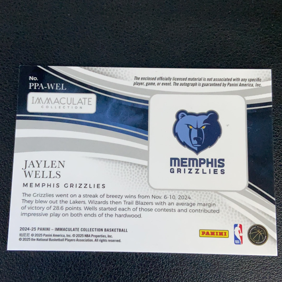 2024-25 Panini Immaculate Jaylen Wells RC 灰熊 新秀 RPA 杰伦 威尔斯 20/50编 大窗 暴力切割 三色patch 球衣物料 签字 卡签 PPA
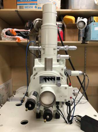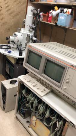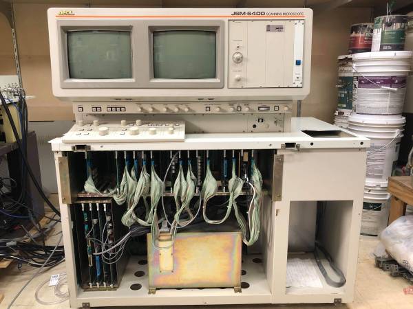 We have a JEOL 6400 JSM with complete schematics, service manual, user manual, roughing pump, nitrogen cylinder, regulator, and water chiller. We are looking to sell the unit as is and all together. The electron microscope can turn on and produce an analog micrograph. The digital display CRT is no longer functional, but an auxiliary TV screen can be used instead. The image resolution is quite low as the microscope requires a good cleaning and alignment. It uses a tungsten filament and has two oil diffusion pumps. Pick up would require a truck with a lift gate and a pallet jack. Enterprise allows liftgate truck rental and home Depot rents pallet jacks.
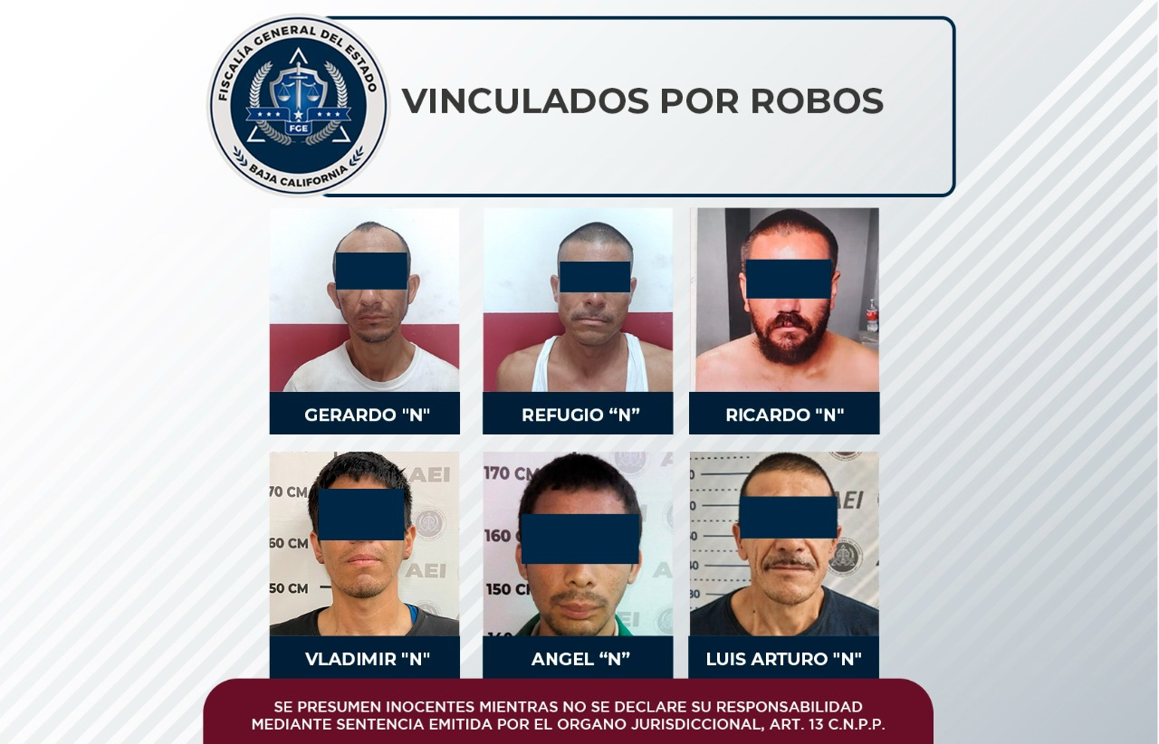 La Fiscalía Regional de Mexicali a través de las Unidades de Investigación de Robos Poniente, Detenidos Poniente y Oriente, logró vincular a proceso a seis hombres relacionados en delitos de robos.
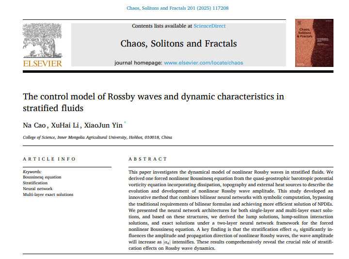 近日,KY开元理学院尹晓军副教授课题组在国际知名数学物理期刊《Chaos, Solitons & Fractals》(中科院SCI一区TOP期刊)发表论文《The control model of Rossby waves and dynamic characteristics in stratified fluids》。论文第一作者为理学院曹娜副教授,通讯作者为理学院尹晓军副教授,其他合作者均为课题组成员。
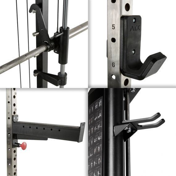 ATX MULTIGYM je visokokvalitetni višenamjenski fitness uređaj koji inspirira i postavlja nove standarde s izvrsnim karakteristikama izvedbe i vrhunskom izradom. Sprava nudi širok raspon mogućnosti treninga, a remenicu možete koristiti neovisno jedan o drugom. U cijenu je uključen sav pribor sa slike osim nastavka za otisak stopala koji je također dostupan.
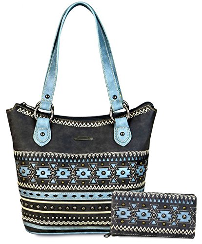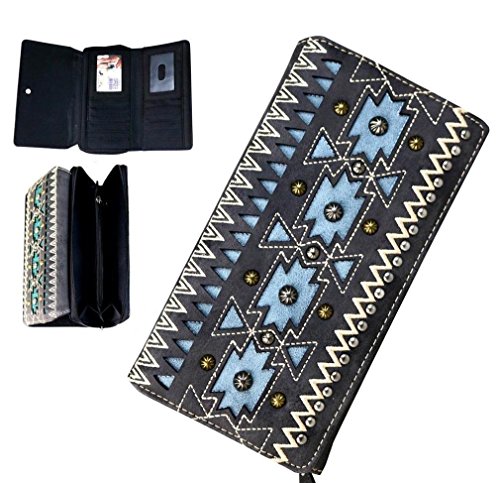 (Montana West)/Accessories/Handbags/DIRECT FROM USA/New! Montana West Aztec Design Zip-Top, 3-Compartment Tote Wallet- Gray
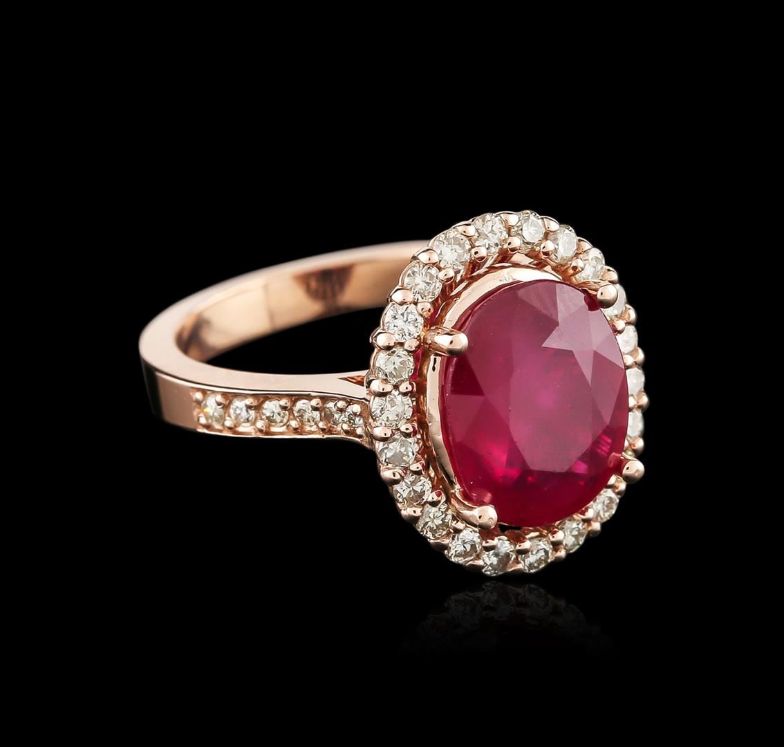 One electronically tested 14KT rose gold ladies cast ruby and diamond ring with a flat shank with a bright polish finish. Identified with markings of "K14". Condition is new. Containing: One prong set oval modified brilliant cut natural ruby, measuring 10.93 x 8.95 x 5.82mm, approximate weight of 4.78ct., clarity is heavily included, type II, medium dark, slightly brownish, strongly purplish red color, (GIA stpR 6/2), cut is good. Thirty-Four prong set round brilliant cut diamonds, measuring 1.30 - 1.30 x 0.78mm (depth est.) approximate total weight of 34 Stones = 0.27ct. Clarity: SI-2 to I-2. Color: J - K, Cut is Good. Diamonds and colored gemstones are graded in the mounting, unless otherwise stated. Colored gemstones are presumed to have been subjected to commonly used enhancement processes. Total Weight of Colored Stones 4.78ct. Total Weight of Diamonds 0.27ct. Total Weight of Ring 6.50 grams. GGL Appraised at $2,430.00.

◇ ◇ ◇ ◇

### ACTION ITEM
Once you have returned the line containing "We have a JEOL", stop; begin at the first line of the material, keep each line exact, and skip the pictures.

### ANSWER TO THE EXERCISE
 2024-25 Panini Immaculate Jaylen Wells RC 灰熊 新秀 RPA 杰伦 威尔斯 20/50编 大窗 暴力切割 三色patch 球衣物料 签字 卡签 PPA
 We have a JEOL 6400 JSM with complete schematics, service manual, user manual, roughing pump, nitrogen cylinder, regulator, and water chiller. We are looking to sell the unit as is and all together. The electron microscope can turn on and produce an analog micrograph. The digital display CRT is no longer functional, but an auxiliary TV screen can be used instead. The image resolution is quite low as the microscope requires a good cleaning and alignment. It uses a tungsten filament and has two oil diffusion pumps. Pick up would require a truck with a lift gate and a pallet jack. Enterprise allows liftgate truck rental and home Depot rents pallet jacks.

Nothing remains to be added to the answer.